Cockerill has done the job of caretaker before, of course. And he's proved a safe pair of hands in the last couple of weeks while Meyer was making his decision about whether to come back to England.

But even he admits that the long term job is a different matter, and that can only create instability within the club for the remainder of the season. The short term impetus of a new man in charge is very quickly lost when nobody is quite sure who is making decisions, especially at a time when players are wondering and worrying about their next contract.

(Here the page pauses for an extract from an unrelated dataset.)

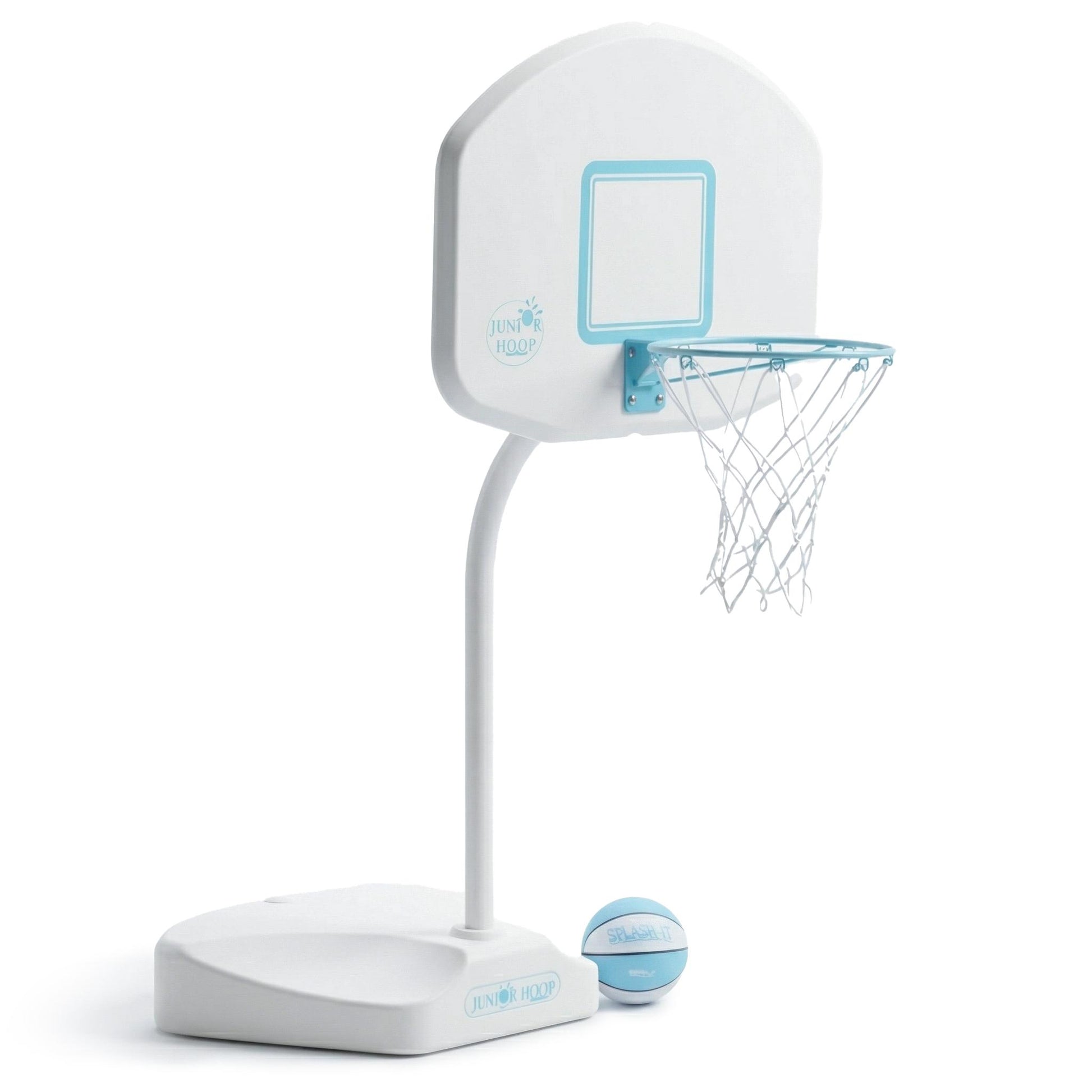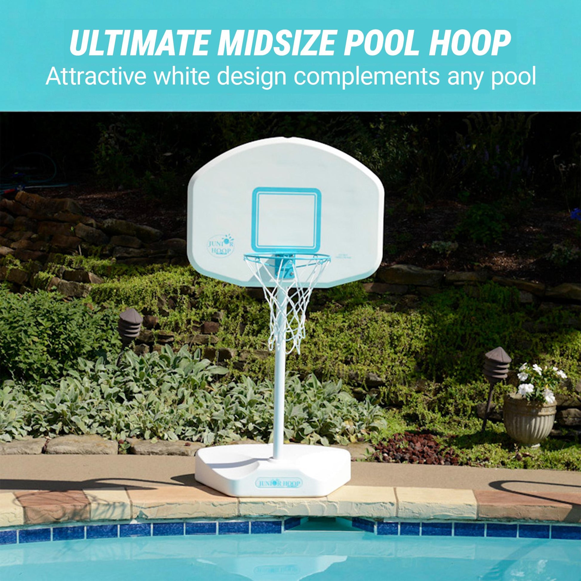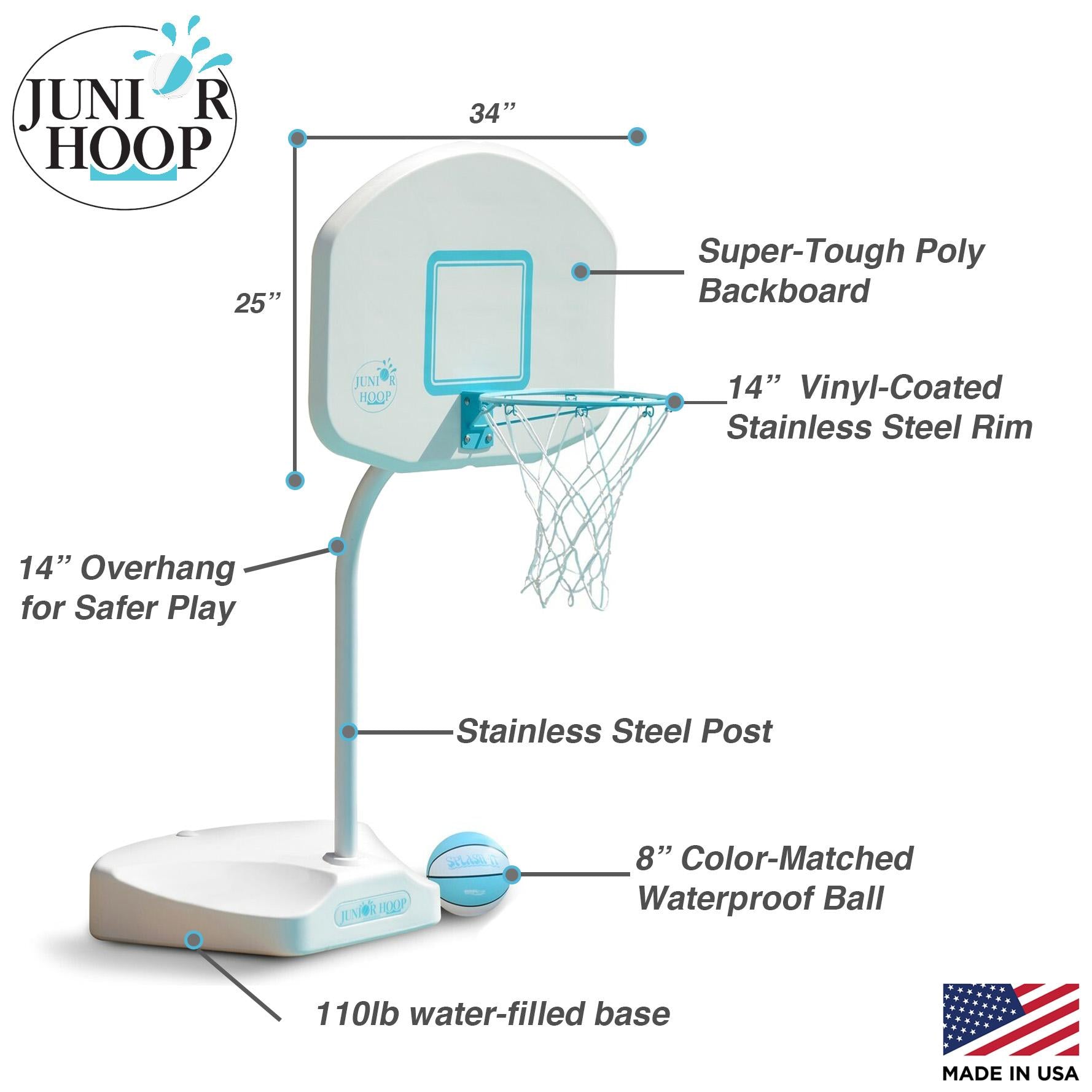 A midsize pool basketball hoop for saltwater & freshwater system pools or lakes and ponds The Junior Hoop enjoys the same premium quality as our larger regulation sized basketball sets but has a smaller footprint and is more compact. Perfect fit for younger players or if you're looking for a sleeker unit this poolside basketball unit is great for the whole family - everyone will feel like a pro. Comes with everything you need before the big game's tip-off: rim, basketball, backboard, base and hardware.

Cockerill has told today's papers: "It is a very different position from coaching because 50 per cent of your work is off the field, and I have to decide whether that is what I want to do. I have never courted the position. I didn't apply for the job before, or after Marcelo Loffreda left, and I am happy with what I am doing at the club."

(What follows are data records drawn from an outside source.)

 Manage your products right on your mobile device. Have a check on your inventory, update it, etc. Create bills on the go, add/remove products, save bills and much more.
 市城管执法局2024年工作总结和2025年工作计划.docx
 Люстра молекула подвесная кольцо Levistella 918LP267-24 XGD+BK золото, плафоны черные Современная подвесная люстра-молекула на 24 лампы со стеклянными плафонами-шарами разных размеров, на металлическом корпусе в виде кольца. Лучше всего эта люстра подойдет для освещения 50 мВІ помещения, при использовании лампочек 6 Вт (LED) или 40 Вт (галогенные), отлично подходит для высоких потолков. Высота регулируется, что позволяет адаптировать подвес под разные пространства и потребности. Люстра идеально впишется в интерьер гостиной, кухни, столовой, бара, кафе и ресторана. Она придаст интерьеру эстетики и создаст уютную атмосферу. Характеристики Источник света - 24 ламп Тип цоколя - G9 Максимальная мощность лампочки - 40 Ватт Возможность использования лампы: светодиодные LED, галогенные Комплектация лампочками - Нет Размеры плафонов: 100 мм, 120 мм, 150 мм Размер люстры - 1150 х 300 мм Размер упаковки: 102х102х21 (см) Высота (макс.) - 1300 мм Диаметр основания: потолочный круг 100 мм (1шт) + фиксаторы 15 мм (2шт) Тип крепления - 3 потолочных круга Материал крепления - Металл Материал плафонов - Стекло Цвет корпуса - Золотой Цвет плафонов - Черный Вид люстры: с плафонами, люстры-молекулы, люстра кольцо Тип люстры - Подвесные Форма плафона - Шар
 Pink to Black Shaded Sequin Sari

That doesn't fill you with confidence for Leicester's Heineken Cup prospects either. They are likely to switch their quarter-final against Bath to The Walkers Stadium to meet the demand for tickets, and the last thing they would want preparing for such a massive game is intrigue and gossip about who will take over.

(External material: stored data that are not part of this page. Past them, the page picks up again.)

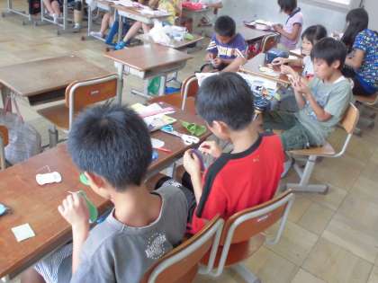手芸クラブでは、マスコット人形の製作。大変集中していて、話し声は聞こえません。
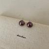 Cool Feeling Cold Gray Red Light Steamed Bread Pearl Stud Earrings Women'S Simple Niche Fashion Exquisite Versatile Earrings
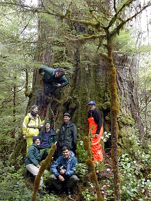 over 1,000 years old. The man in the orange rain pants is Chester "Lone Wolf" Starr. He's a local Heiltsuk guide and
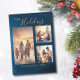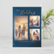 Festive Blue 3 Photo Collage Modern Christmas Holiday Card
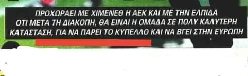«Αν έχετε καταλάβει ξεφτιλιζόμαστε με αυτή την εικόνα. Ξεφτιλίζεται η ΑΕΚ. Και επειδή πρέπει να μιλήσουμε με ειλικρίνεια, αν δεν μπορεί ο προπονητής να μας βοηθήσει να φύγει. Δεν μπορεί να συνεχιστεί άλλο αυτό. Εγώ αυτό έχω να πω εγώ Πέτρο (Μάνταλο)».
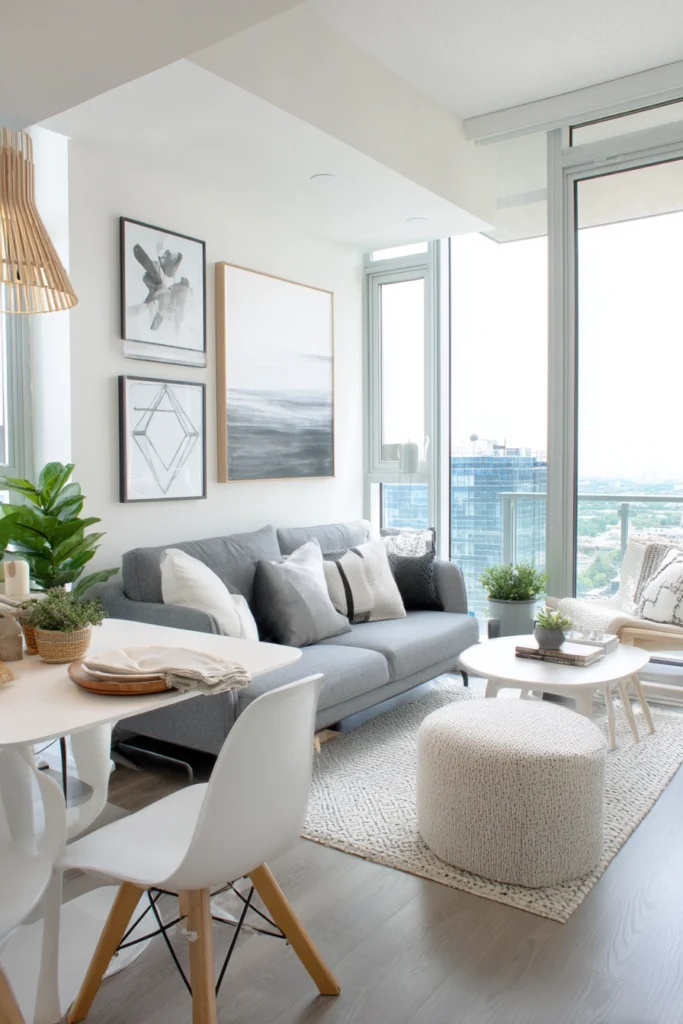 This modern small living room idea features a sleek design highlighted by a low-profile grey couch paired with a minimalist white dining table and stylish chairs. The space is accented with contemporary art pieces and geometric decor, adding a touch of sophistication.
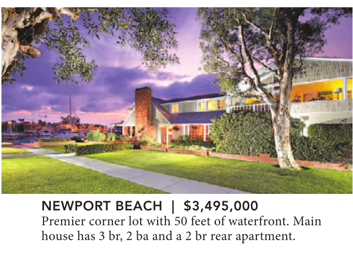 NEWPORT BEACH | $3,495,000 Premier corner lot with 50 feet of waterfront. Main house has 3 br, 2 ba and a 2 br rear apartment.
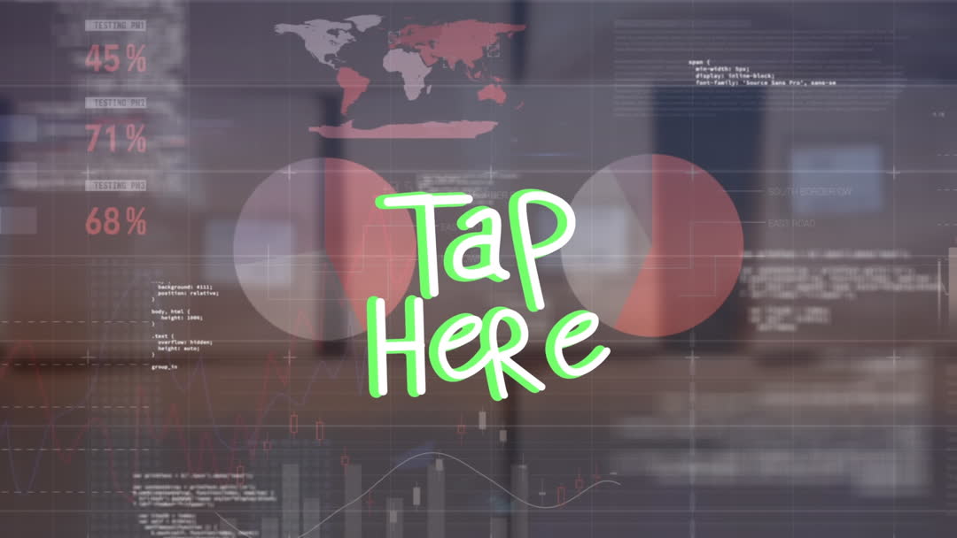 Digital display showcases an animated 'tap here' text with data visualization and processing elements representing a global connectivity theme. Suitable for illustrating concepts of modern technology interfaces, user interaction prompts, and digital innovation strategies in presentations, tech blogs, and promotional videos.
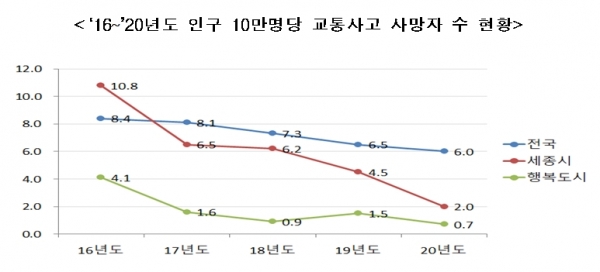 행복청이 2020년 교통사고 통계(경찰청 자료 참고)를 분석한 결과, 행정중심복합도시 인구 10만명당 교통사고 사망자 수는 0.7명으로 전국 평균 6명, 경제 협력 개발 기구(OECD)국가 평균 5.6명(‘18년기준) 보다 현저히 낮은 수준이며, 보행 중 사망사고는 발생하지 않았고, 인구 대비 전국 최저 수준의 교통 사고율을 보이고 있다.
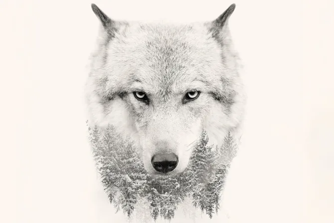 Portret wilka z imitacją lasu iglastego.
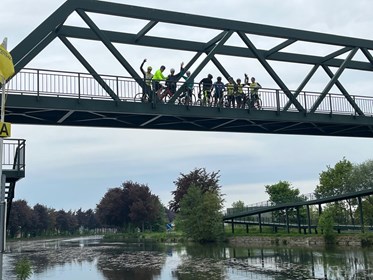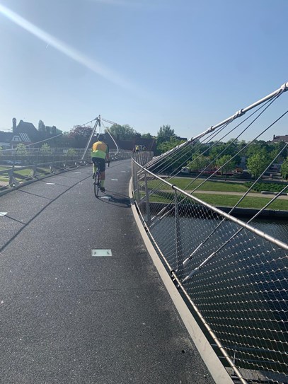 More canalside riding to Bocholt, and the new, steel pedestrian and cyclist bridge (right) became our WhatsApp group badge as we recrossed the bridge from lunch.
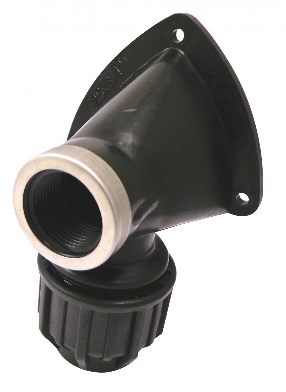 Raccord coudé applique compression plastique F 20 x 27, tube en polyéthylène
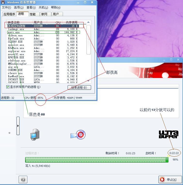 空闲进程无法调整优先级,nero在运行时系统默认已经是最高了

Leicester also have a decision over whether to go with Cockerill or follow the modern trend to seek a coach from the Southern hemisphere. If that's the case then a return for Pat Howard, the Australian who took them to their last Premiership title in 2007, seems the most likely answer.

Five things you might not know about Richard Cockerill

1. Born in 1970 in the town of Rugby, he says he got his aggressive streak from competing with his brother John who was "faster, classier and cleverer at everything"


2. He worked as a cabinet maker for four years before joining Leicester Tigers aged 20


3. He won 27 England caps but was most famous for standing a yard from All Blacks hooker Norm Hewitt and eyeballing him during the Haka


4. He was dropped by Clive Woodward and never picked again as punishment for criticising the England coach in his book. "England went on to win the World Cup so who was the fool?", he admits now.


5. In his last spell as caretaker at the start of the 2007-8 season he took Tigers to top of the table despite being without 12 top players during the World Cup.